Impairment of headwaters and wetlands affects water quality and flow for entire watersheds. The rule threatens critical headwater and wetland ecosystem services, like water quality protection, aquifer recharge, organic material transport, safeguarding habitats for endangered species, and support for recreational and commercial fishing economies. Climate change and land use intensification have already shifted waters that were permanent to intermittent and intermittent to ephemeral. Under the revised WOTUS, more waters will lose protection, thus severely undermining our nation’s water quality and fisheries. 

A recent report from the American Fisheries Society found that headwater ecosystem impairment, loss, or destruction is assured under the revised WOTUS rule, and would have severe and long‐lasting negative consequences for fisheries and environmental conditions throughout the USA.  Headwaters act as a conveyor of nutrients, a path for migrating fish and wildlife, and a drainage and storage system for floodwaters. “The published science demonstrates that the loss of protections for our nation’s most vulnerable waters will have far-reaching implications for fish, wildlife, and their habitats,” said American Fisheries Society Executive Director Doug Austen, Ph.D.  
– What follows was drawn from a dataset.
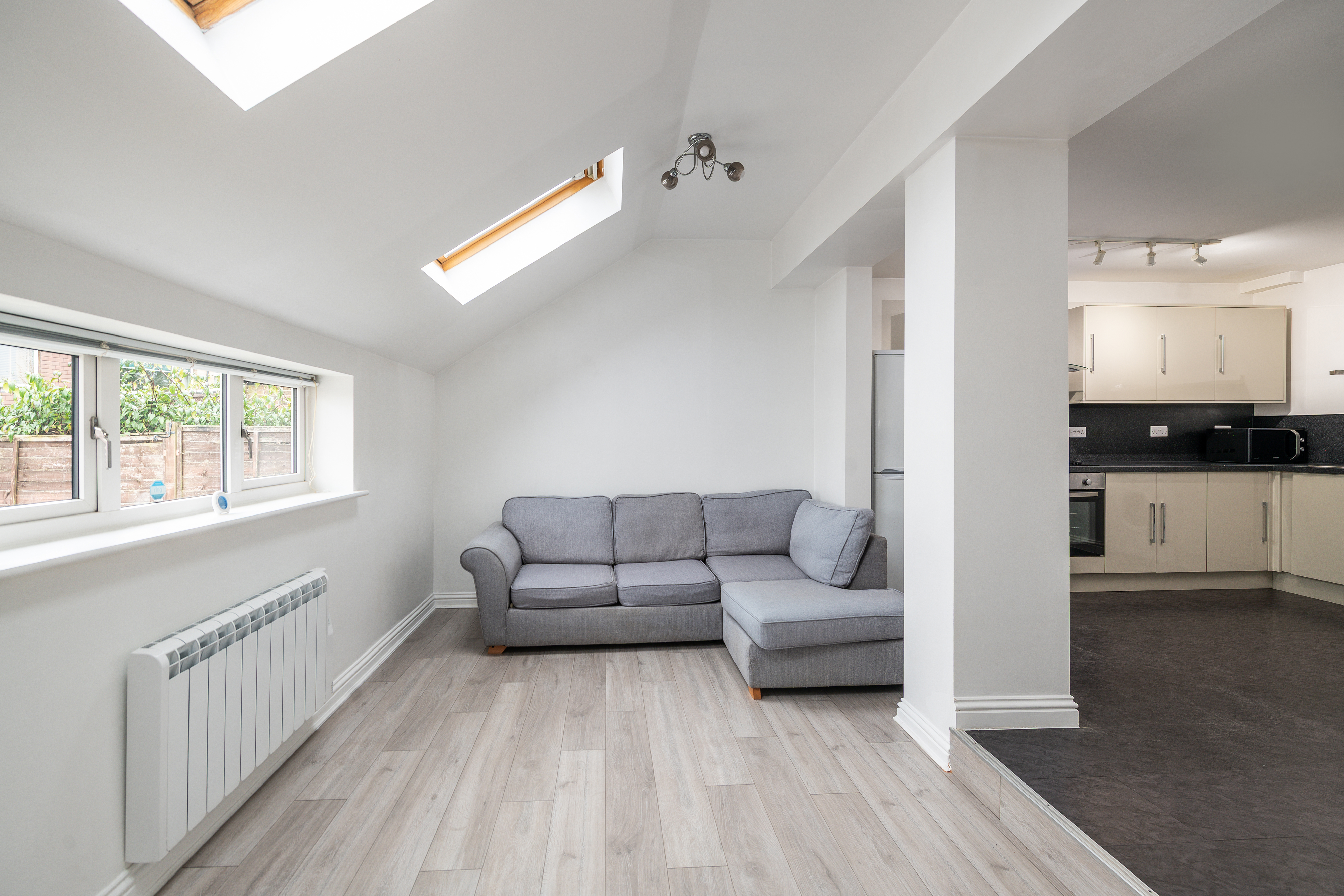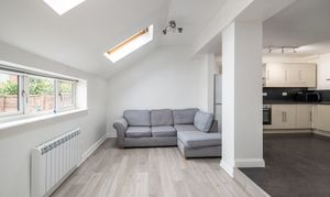 Converted to a high standard in 2014, the property is accessed via its own front door with porch opening into a spacious hallway leading to a large double bedroom, a family bathroom, and a bright spacious open plan living room and a separate well equipped fitted kitchen with ample space for dining. Externally there is a private rear garden, an allocated parking bay to the front and additional outside storage.
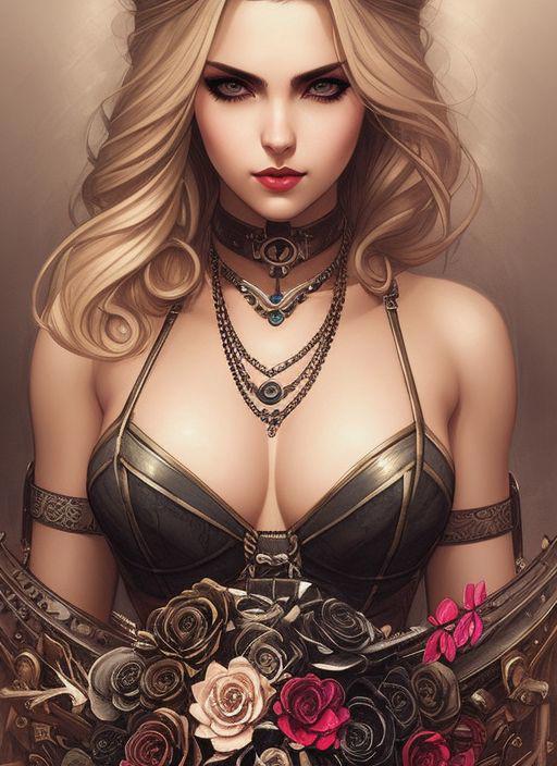 style of joemadureira Charlie Bowater realistic Lithography sketch portrait of a woman, flowers, [gears], pipes, dieselpunk, multi-colored ribbons, old paper texture, highly detailed

"We have a clear understanding of the critical functions provided by our wetlands, including maintenance of clean water.  We should be seeking ways to preserve and strengthen these benefits. Instead, the proposed new rule, which flies in the face of good science, will weaken protection for headwater streams and associated wetlands, systems that are key to safeguarding healthy watersheds,”  said Loretta Battaglia, Ph.D., President-Elect of the Society of Wetland Scientists.

Our nation's estuaries and coastal waters are vital to our economic prosperity and sustainability. The health of these waters is influenced not just by the flow of streams and rivers, but also through groundwater connections to wetlands, dammed and diked areas, and ditches in coastal watersheds. “The proposed new rule will weaken protection of the water quality and biological integrity for these vital ecosystems,” said James Fourqurean, Ph.D., President of The Coastal and Estuarine Research Federation.

Perry Thomas, Ph.D., President of the North American Lake Management Society, said, "Even our highest quality lakes are threatened by erosion and other degradation in their watersheds. If we are going to protect these incredibly valuable water bodies we need to manage stormwater and address erosion in these lake watersheds but that would be essentially lost under the proposed WOTUS definition that excludes many headwater streams and wetlands."

“The science on the connectivity between headwater streams, wetlands, and ecosystem services like clean water is undisputed,” asserts Amy Rosemond, Ph.D., President of the Society for Freshwater Science, “however, the EPA has chosen to ignore this science. This includes ignoring the conclusions of EPA’s own staff scientists and science advisory board. The new rule is simply not scientifically defensible and the decision to ignore the science was arbitrary and capricious.  The logical outcome of today’s rule will be a degradation in water quality and increasing threats to human health.”